• _MATERIAL FOR THIS EXERCISE_:

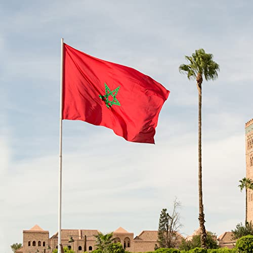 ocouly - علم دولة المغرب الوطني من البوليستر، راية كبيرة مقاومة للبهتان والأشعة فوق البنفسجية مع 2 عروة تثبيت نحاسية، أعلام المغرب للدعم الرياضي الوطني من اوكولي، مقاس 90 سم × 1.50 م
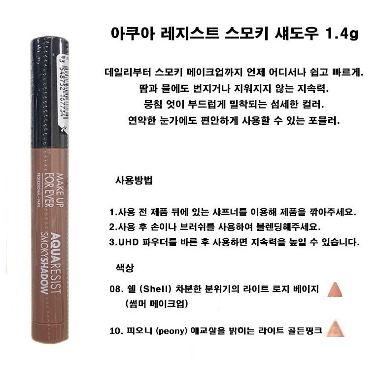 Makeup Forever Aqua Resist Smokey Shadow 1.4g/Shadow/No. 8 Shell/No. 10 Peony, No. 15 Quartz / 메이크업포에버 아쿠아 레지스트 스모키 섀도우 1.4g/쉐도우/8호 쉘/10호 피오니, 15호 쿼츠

---

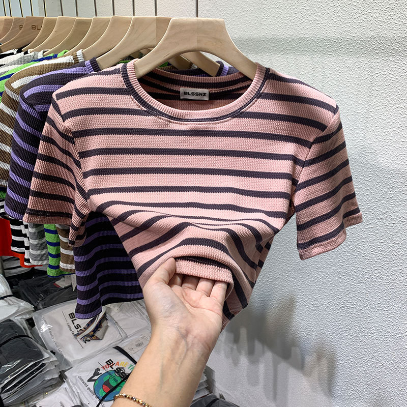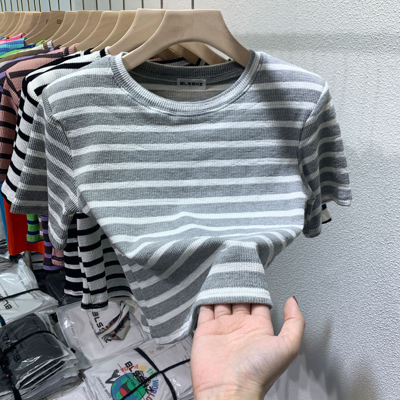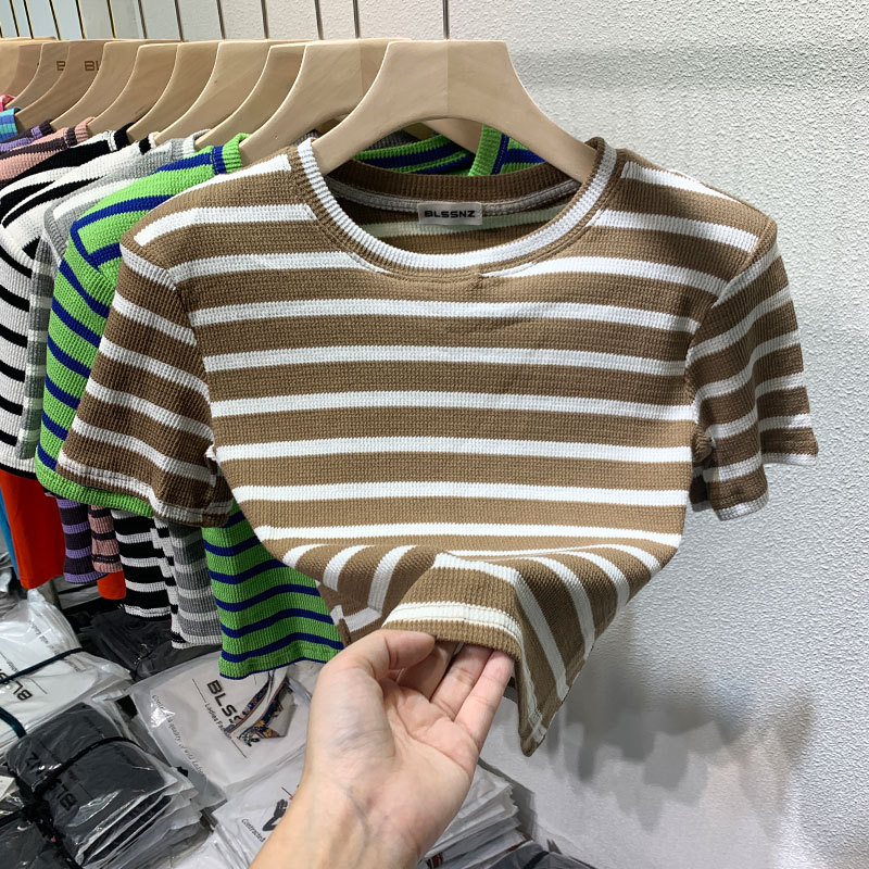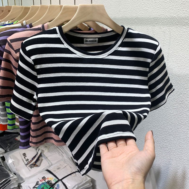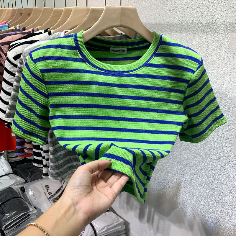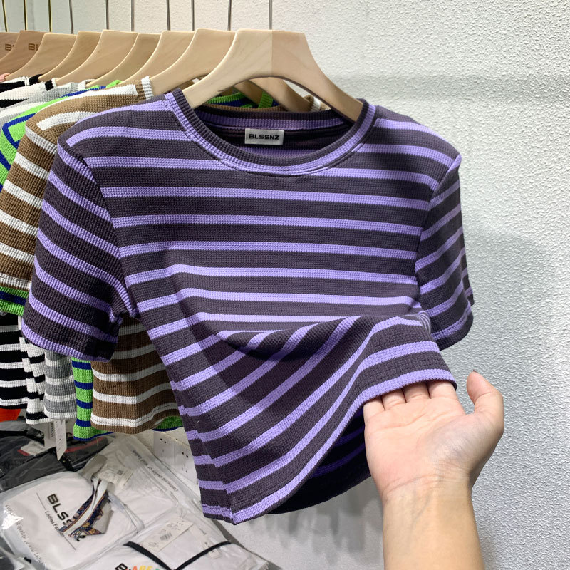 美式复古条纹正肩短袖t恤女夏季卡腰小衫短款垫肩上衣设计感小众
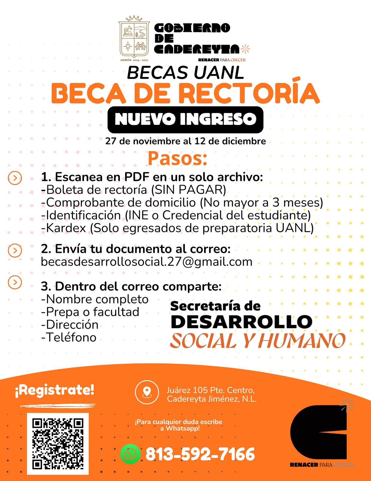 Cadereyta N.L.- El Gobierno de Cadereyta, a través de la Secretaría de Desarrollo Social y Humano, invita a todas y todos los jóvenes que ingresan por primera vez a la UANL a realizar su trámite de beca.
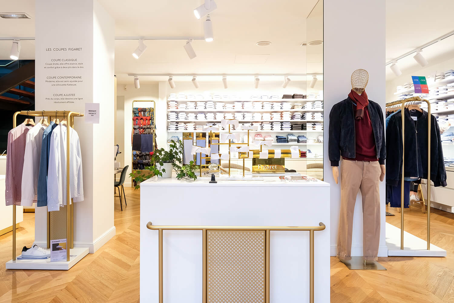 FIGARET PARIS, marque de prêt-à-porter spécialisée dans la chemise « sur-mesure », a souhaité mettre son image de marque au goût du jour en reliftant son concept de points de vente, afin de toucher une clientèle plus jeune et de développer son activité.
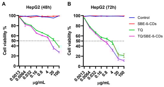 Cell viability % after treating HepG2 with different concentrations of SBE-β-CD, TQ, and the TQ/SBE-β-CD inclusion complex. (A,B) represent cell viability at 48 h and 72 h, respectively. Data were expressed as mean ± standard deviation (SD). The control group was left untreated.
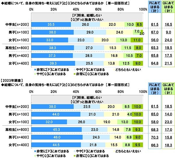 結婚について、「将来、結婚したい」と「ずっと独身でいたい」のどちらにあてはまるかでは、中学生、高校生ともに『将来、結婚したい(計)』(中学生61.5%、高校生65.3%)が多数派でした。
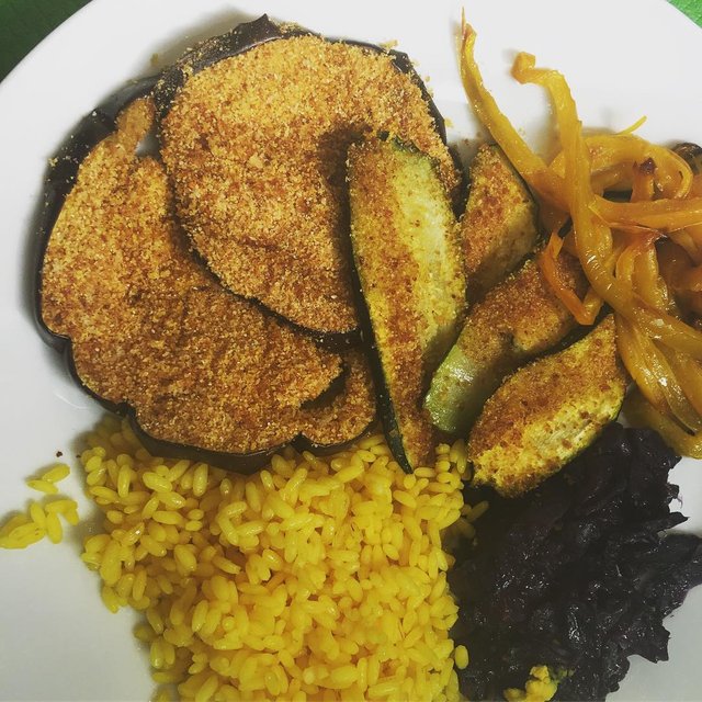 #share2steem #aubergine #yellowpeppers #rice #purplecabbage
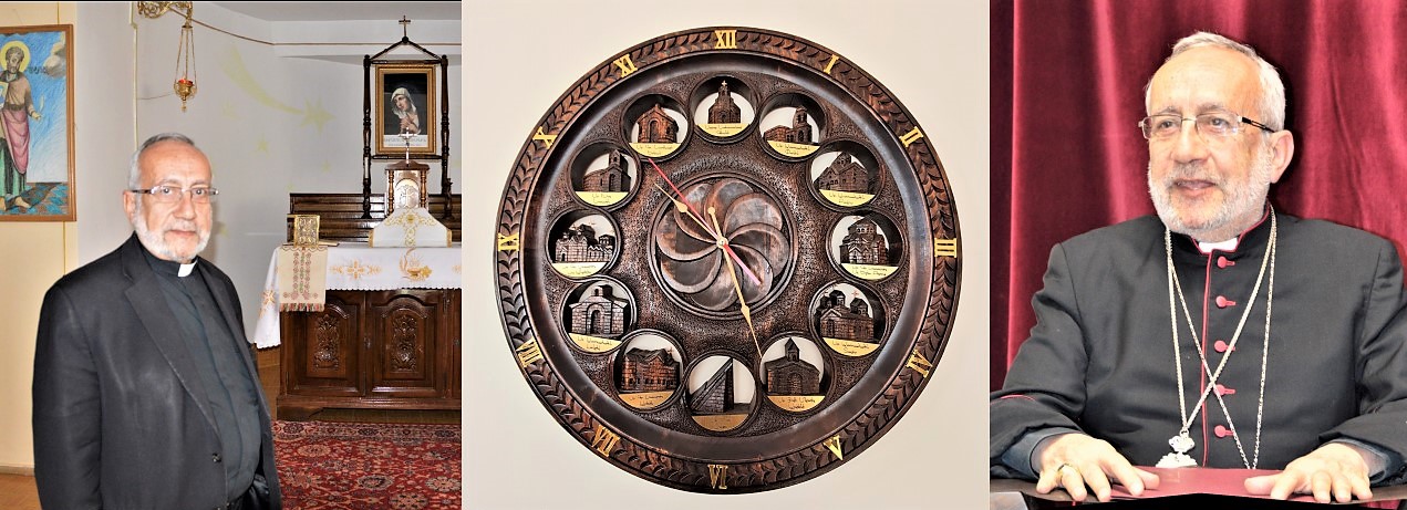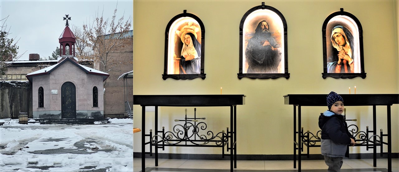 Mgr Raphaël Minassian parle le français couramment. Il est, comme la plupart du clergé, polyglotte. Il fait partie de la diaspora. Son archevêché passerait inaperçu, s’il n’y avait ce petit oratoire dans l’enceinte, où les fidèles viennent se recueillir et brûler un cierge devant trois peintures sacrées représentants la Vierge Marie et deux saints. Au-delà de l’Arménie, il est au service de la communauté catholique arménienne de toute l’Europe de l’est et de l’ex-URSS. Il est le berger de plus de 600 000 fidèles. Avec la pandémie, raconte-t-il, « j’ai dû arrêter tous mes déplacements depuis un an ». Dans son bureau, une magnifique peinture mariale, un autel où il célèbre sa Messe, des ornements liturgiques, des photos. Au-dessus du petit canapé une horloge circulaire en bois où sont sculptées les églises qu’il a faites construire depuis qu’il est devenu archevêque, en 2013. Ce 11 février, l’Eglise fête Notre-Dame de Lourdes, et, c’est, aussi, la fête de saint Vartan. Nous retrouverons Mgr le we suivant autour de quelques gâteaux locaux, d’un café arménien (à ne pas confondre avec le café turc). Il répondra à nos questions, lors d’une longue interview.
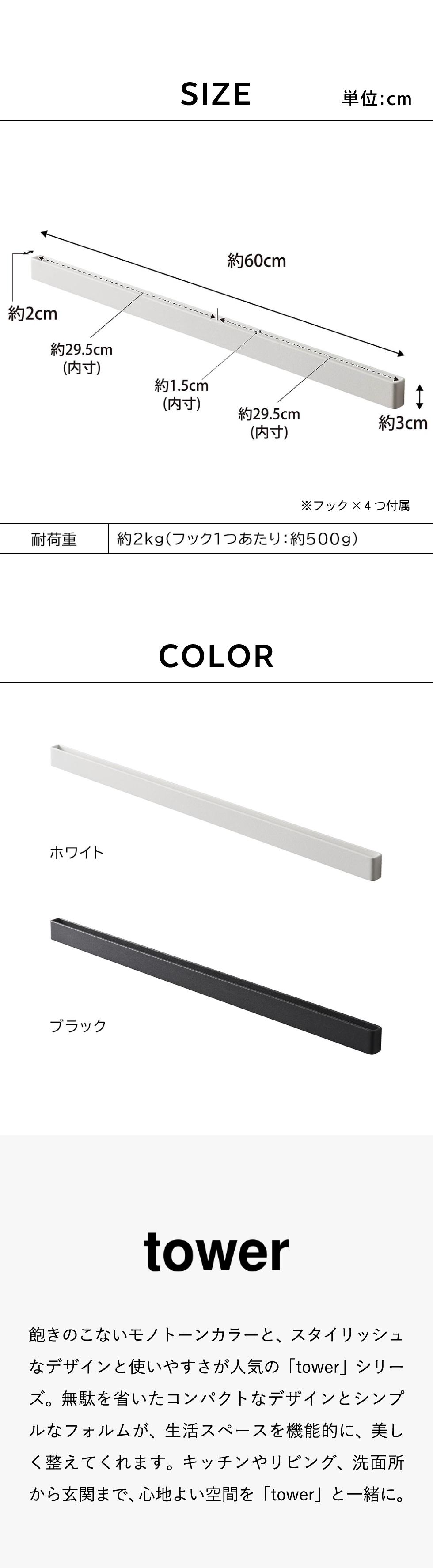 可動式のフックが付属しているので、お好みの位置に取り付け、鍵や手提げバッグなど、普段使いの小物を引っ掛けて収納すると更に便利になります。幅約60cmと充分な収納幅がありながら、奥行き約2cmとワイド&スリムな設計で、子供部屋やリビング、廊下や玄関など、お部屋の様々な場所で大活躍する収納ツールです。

---

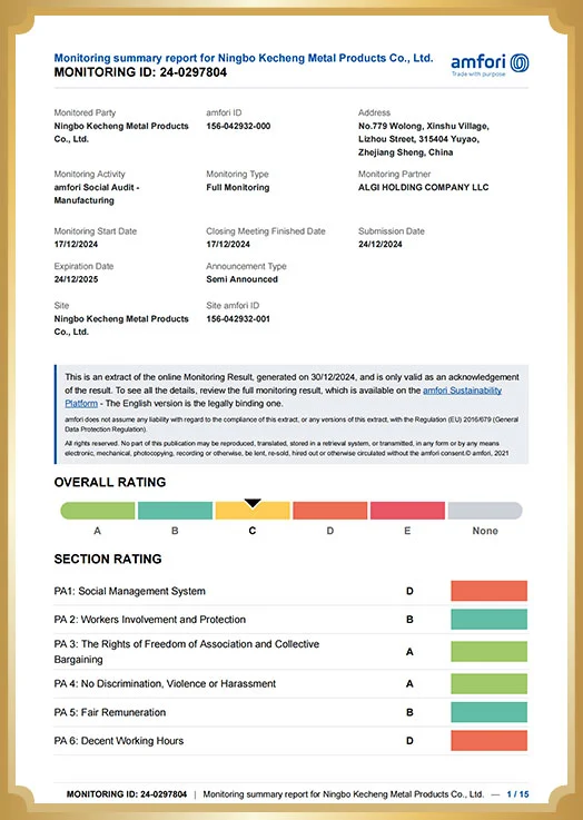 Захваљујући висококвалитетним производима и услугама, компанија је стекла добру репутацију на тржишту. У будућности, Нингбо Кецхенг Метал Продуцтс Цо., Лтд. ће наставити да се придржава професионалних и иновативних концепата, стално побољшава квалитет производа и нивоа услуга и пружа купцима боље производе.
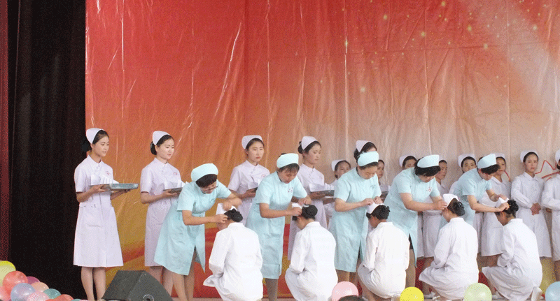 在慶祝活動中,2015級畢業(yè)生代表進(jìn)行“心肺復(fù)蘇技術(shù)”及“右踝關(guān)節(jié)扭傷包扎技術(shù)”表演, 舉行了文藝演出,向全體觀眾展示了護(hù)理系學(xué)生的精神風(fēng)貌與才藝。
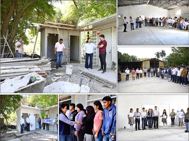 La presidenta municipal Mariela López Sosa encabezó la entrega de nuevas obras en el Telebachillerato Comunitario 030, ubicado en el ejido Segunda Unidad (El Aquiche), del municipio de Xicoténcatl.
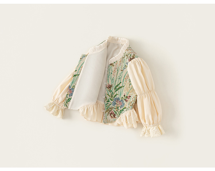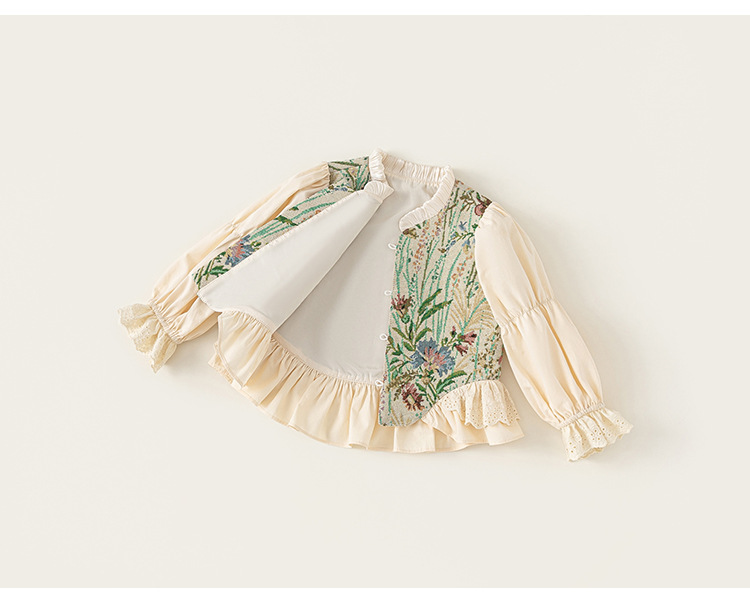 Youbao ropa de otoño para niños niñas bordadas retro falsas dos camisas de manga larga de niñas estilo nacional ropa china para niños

• _WHAT YOU HAVE TO DO_: Although the records above contain pictures, the copy must not; set down exactly the lines from the one with "美式复古条纹正肩短袖t恤女夏季卡腰小衫短款垫肩上衣设计感小众" up to and including the one with "Cadereyta N.L.- El".

• _SOLUTION_:
 美式复古条纹正肩短袖t恤女夏季卡腰小衫短款垫肩上衣设计感小众
 Cadereyta N.L.- El Gobierno de Cadereyta, a través de la Secretaría de Desarrollo Social y Humano, invita a todas y todos los jóvenes que ingresan por primera vez a la UANL a realizar su trámite de beca.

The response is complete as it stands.